Tips for Rebuilding Relationships in Recovery
When we experience addiction, we may hurt many relationships in our lives. Whether it is our relationships with significant others, family members, friends, or coworkers, these relationships can take time to rebuild. We may find ourselves experiencing polysubstance abuse, alcoholism, or any other addiction. Whatever it may be, chances are there are relationships that need some love and attention in your life.
First, we need to remember that it takes time to rebuild these relationships. Addiction affects families and relationships deeply, and the healing takes time. We may want to fix these relationships immediately, or even expect things to change because we’ve changed. However, the harm we caused wasn’t done overnight. Just as it took time to hurt those relationships or people, it takes time to heal them.
If we are too greedy or impatient, we may end up trying to force someone to be ready when they’re not. Although we have our own needs and desires, we can also tune into the other person’s experience. Recognize that you’ve caused harm and they are just trying to deal with their own personal experience. Perhaps you can try to put yourself in their shoes. Although you may not know their experience perfectly, you can try to understand that their process is theirs, and allowing them the space to heal is better than trying to force them if they’re not ready.
Sometimes we go through the process of making amends or apologizing for some behavior, only to find that this doesn’t quite fix things. Although our words have great power to create change, it is our actions that really count. Remember that it is through your actions you can show the change you’ve made.

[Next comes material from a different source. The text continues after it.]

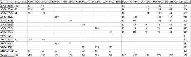 Таблица 11.2 Структурная матрица потоков пропорционально ёмкости станций
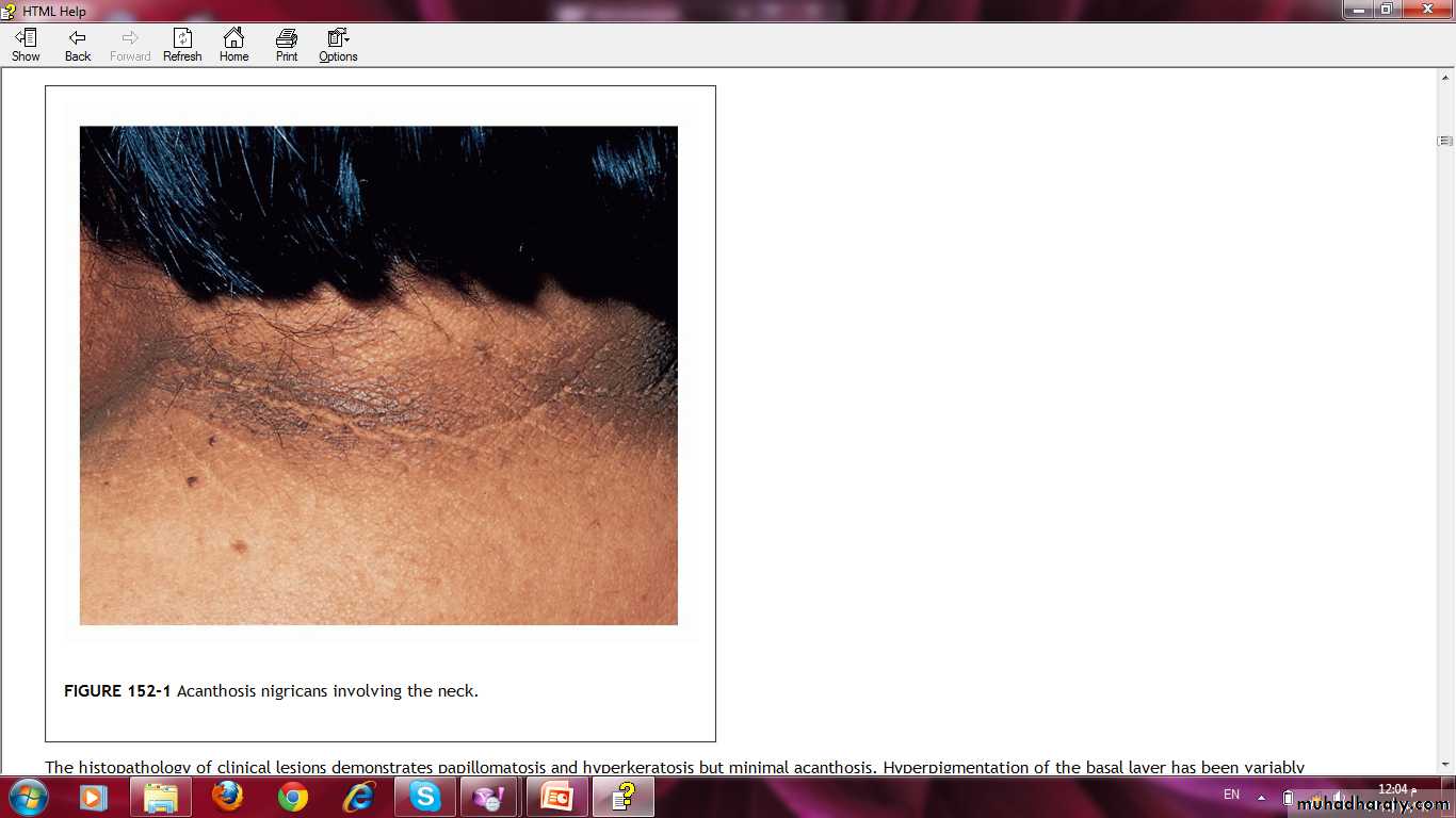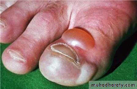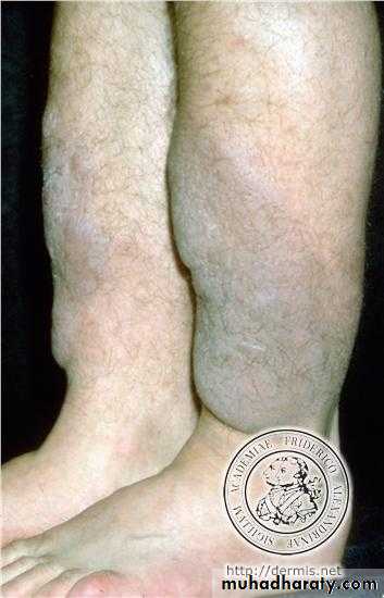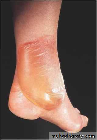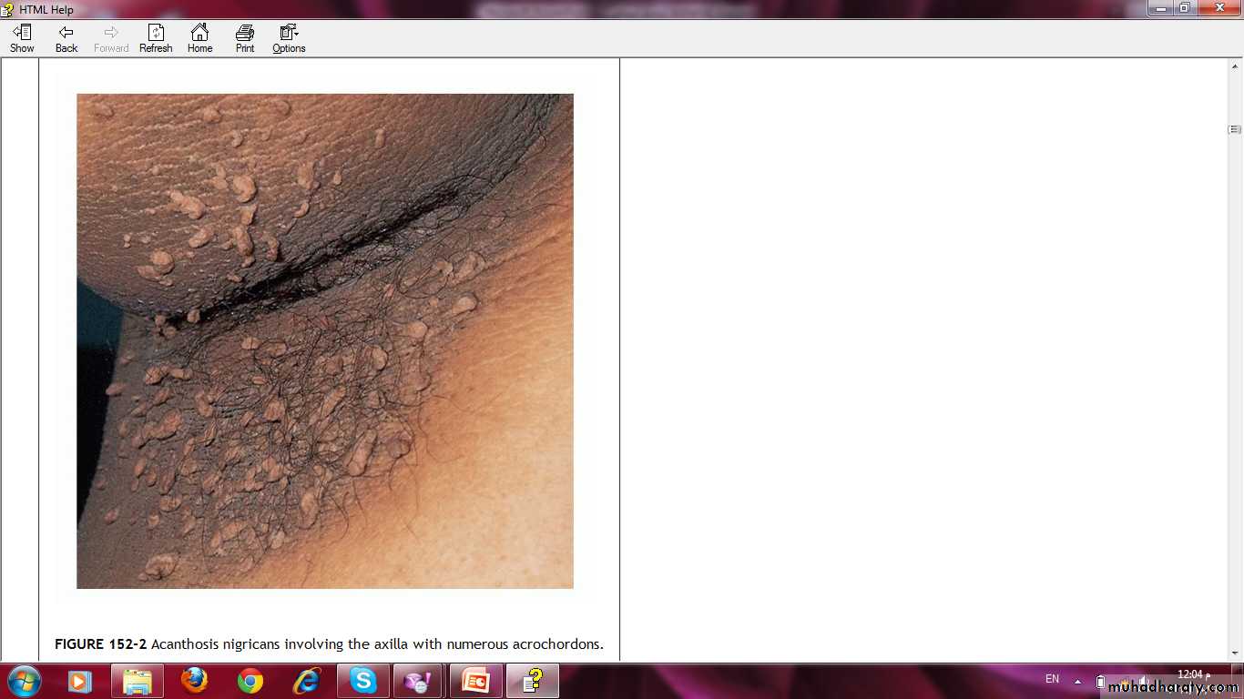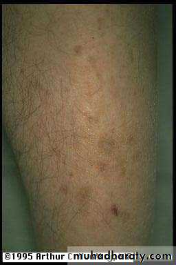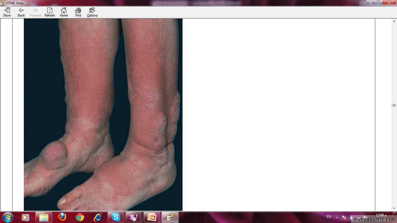 The Skin in Diabetes Mellitus:1- Necrobiosis lipoidica.2- Diabetic dermopathy (shin spots).3- Neuropathic foot ulcers.4- Infections: candidal, staphylococcal, and non clostridial gangrene.5- Diabetic bullae.6- Stiff thick skin (diabetic cheiroarthropathy).7- Carotenodermia (yellow skin).8- Diabetic rubeosis of the face).9- Granuloma annulare.10- Pruritus.11- Eruptive xanthoma.12- Acanthosis nigricans.13- Skin tags.

Keep acting right, and show them the change. You can apologize and ask for forgiveness as many times as you want, but the truth is that we need to change our behavior. When we show somebody we are making a change, they are much more likely to understand it than if we just tell them. How often have we lied, omitted the truth, or broken a promise? This is the nature of addiction, and it’s understandable that our words may not mean a lot when we first get sober.
Recognize the Harm
Recognizing the harm caused is a great way to bring some understanding to our relationships. If you’re in a twelve-step program, you’re probably familiar with this idea. We do an inventory to look at these harms, resentments, and experiences (Check out Addiction Rehab Blog’s 4th Step Inventory Examples, Worksheets, and Guide for some resources on working an inventory). Even if you’re not in a twelve-step program, you can engage with some inventory process to look at the ways in which you’ve caused harm to others.
When we are presented with these situations, we can easily fall into the habit of beating ourselves up. This isn’t really useful, as it prevents us from even seeing the situation clearly. We can hold ourselves to standards without being mean to ourselves. Practice some self-forgiveness. This isn’t to give yourself permission to behave poorly or pretend that you didn’t cause harm. Rather, we can respond without so much self-judgement, and perhaps some patience with ourselves.
When in Doubt, Ask
This is something that can be really helpful. Communication is a great asset in any relationship. Ask the person what is going on with them, and what their experience is like of addiction. Find out if they’re doing something for themselves. Maybe they’re going to Al-Anon meetings or another support group for themselves. Ask if there’s anything you can do to support them or address and harms caused. By asking about their experience, we can really seek to understand and respond with some wisdom and compassion.